*** Data extract
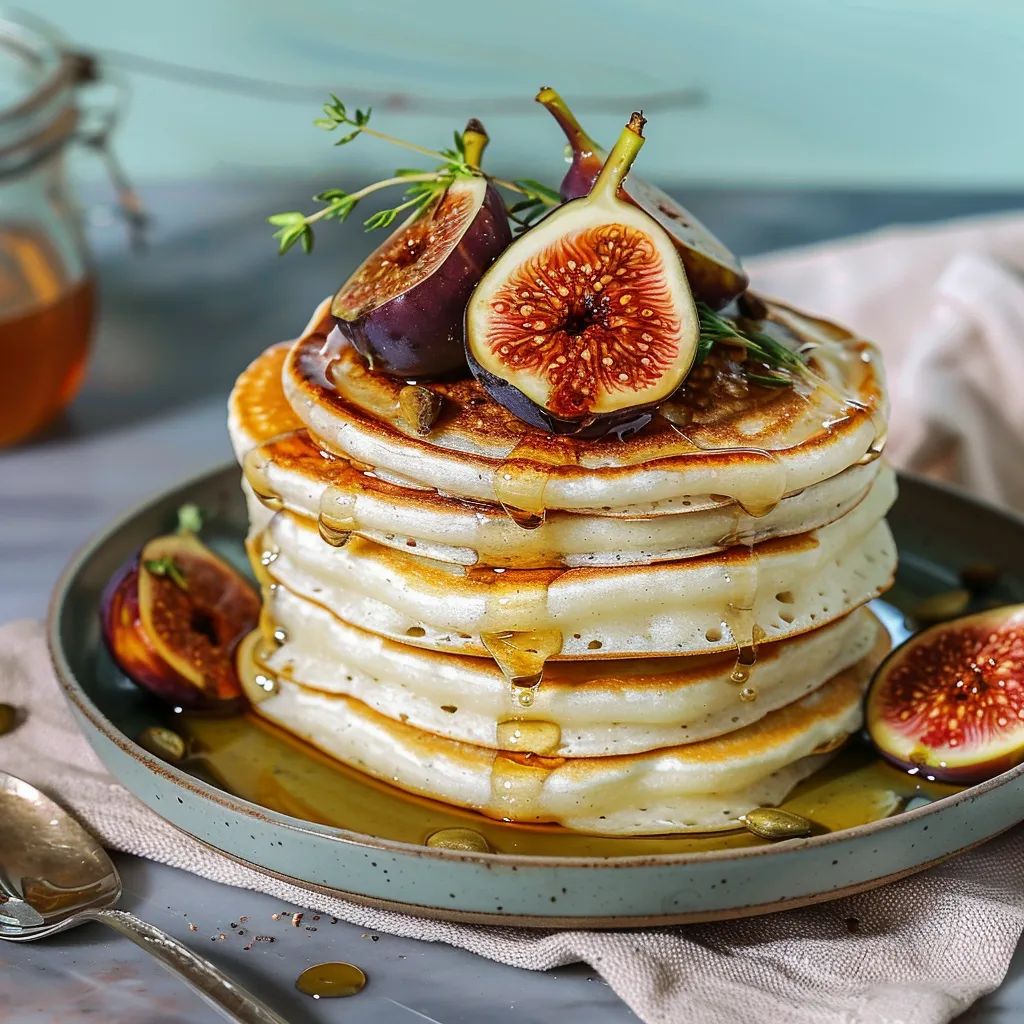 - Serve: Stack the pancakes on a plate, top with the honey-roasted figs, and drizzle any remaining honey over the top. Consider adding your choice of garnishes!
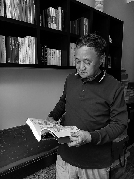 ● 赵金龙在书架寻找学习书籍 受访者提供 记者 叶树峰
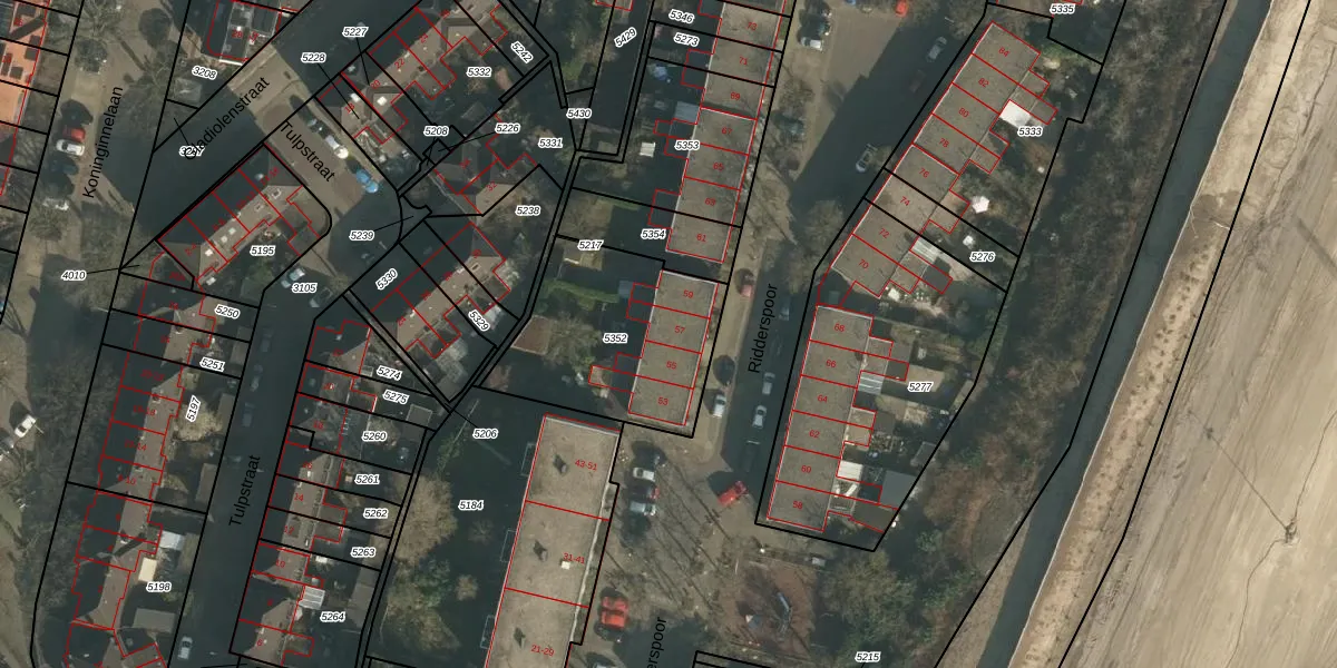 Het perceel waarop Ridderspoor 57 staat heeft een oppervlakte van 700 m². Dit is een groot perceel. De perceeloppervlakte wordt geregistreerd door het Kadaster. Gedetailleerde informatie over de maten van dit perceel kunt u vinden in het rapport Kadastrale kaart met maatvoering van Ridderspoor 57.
******
To do:
A verbatim copy is needed of the lines running from the line with "受访者提供 记者 叶树峰" to the end of the data above, both included. Keep the pictures out of it.

Output of the task:
 ● 赵金龙在书架寻找学习书籍 受访者提供 记者 叶树峰
 Het perceel waarop Ridderspoor 57 staat heeft een oppervlakte van 700 m². Dit is een groot perceel. De perceeloppervlakte wordt geregistreerd door het Kadaster. Gedetailleerde informatie over de maten van dit perceel kunt u vinden in het rapport Kadastrale kaart met maatvoering van Ridderspoor 57.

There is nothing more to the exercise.